Cecilia Payne discovered that stars are made largely of the two lightest chemical elements – hydrogen and helium. She made her discovery while in graduate school. At first nobody believed it – scientists were convinced that the sun’s composition was similar to the earth’s.
Within a few years a major paradigm shift took place and Payne’s discovery became mainstream science – it was soon widely recognized that hydrogen is by far the commonest chemical element in stars and hence the universe.
Payne-Gaposchkin (her name after marriage) was the most eminent female astronomer of her time, the first to be appointed full professor at Harvard University, and the first to chair a department.
Beginnings
Cecilia Helena Payne was born on May 10, 1900 into an upper-class family in the market town of Wendover, England, UK.
Her father was the multi-faceted Edward John Payne – talented musician, fellow of Oxford University, author of major histories, and latterly a barrister and judge. He drowned in a canal when Cecilia was four. Before this, he gave his daughter a love of music, playing scales to her from age two so she developed perfect pitch. Cecilia remembered him filling their home with music and fun.
Her mother was Emma Leonora Helena née Pertz, a skilled artist, who came from an academically accomplished German family. A rather stern woman, Cecilia’s mother raised her three children alone. All were very young when her husband died – Cecilia was the eldest.
Cecilia’s mother made sure her children were well-educated: her son grew up to become an archeologist and her other daughter an architect.
At age eight, Cecilia decided to become a scientist. This happened after she recognized a plant she had previously known only from her mother’s description of it – the bee orchid.
The bee orchid. Image courtesy of Bernard Dupont.
Later she recalled her excitement at finding for herself the plant that resembles a bumblebee:
“For the first time I knew the leaping of the heart, the sudden enlightenment, that were to become my passion… These moments are rare, and they come without warning, on ‘days to be marked with a white stone’.”
Fabulous First School
At age six, Cecilia began attending a small girls’ school across the street from her home in Wendover. It was run by Miss Elizabeth Edwards, who told her classes that women were the stronger sex. Miss Edwards ran the school with military-style discipline. Rather than walk anywhere, the girls marched. Every day began with a hymn or a patriotic song.

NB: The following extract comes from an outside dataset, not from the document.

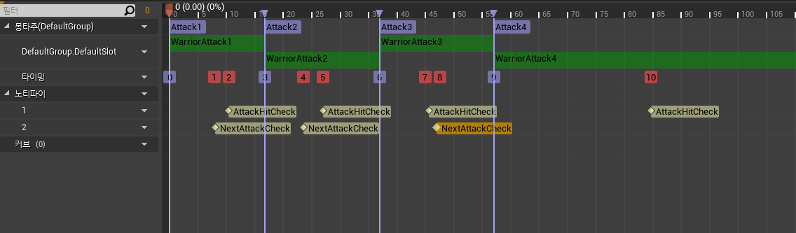 위의 Attack(1~4) 섹션에는 이미 넣어놓은 WarriorAttack(1~4) 애니메이션이 각각 하나씩 할당이 되어 있다. 아래 줄들을 보면 노티파이가 있다. 노티파이는 아래 섹션에서 자세히 다루도록 한다.

Cecilia learned to read and became an avid reader. There were frequent exercises in mental arithmetic. Miss Edwards required her girls to learn lengthy poems by heart – Cecilia said this helped her later scientific work because it developed her memory to a very high level.
By the time she left this small school, Cecilia had learned basic Latin and could speak French and German. She had studied geometry, could do algebra up to the level of quadratic equations, and had been taught how to use a chemical balance. At home she became a skilled pianist.
It had all been wonderful.
Horrible High School
At age 12, Cecilia moved reluctantly with her family to London. Previously accustomed to the freedom of living in a small town with plenty of space and nearby fields and hills, she hated the big, smoky city.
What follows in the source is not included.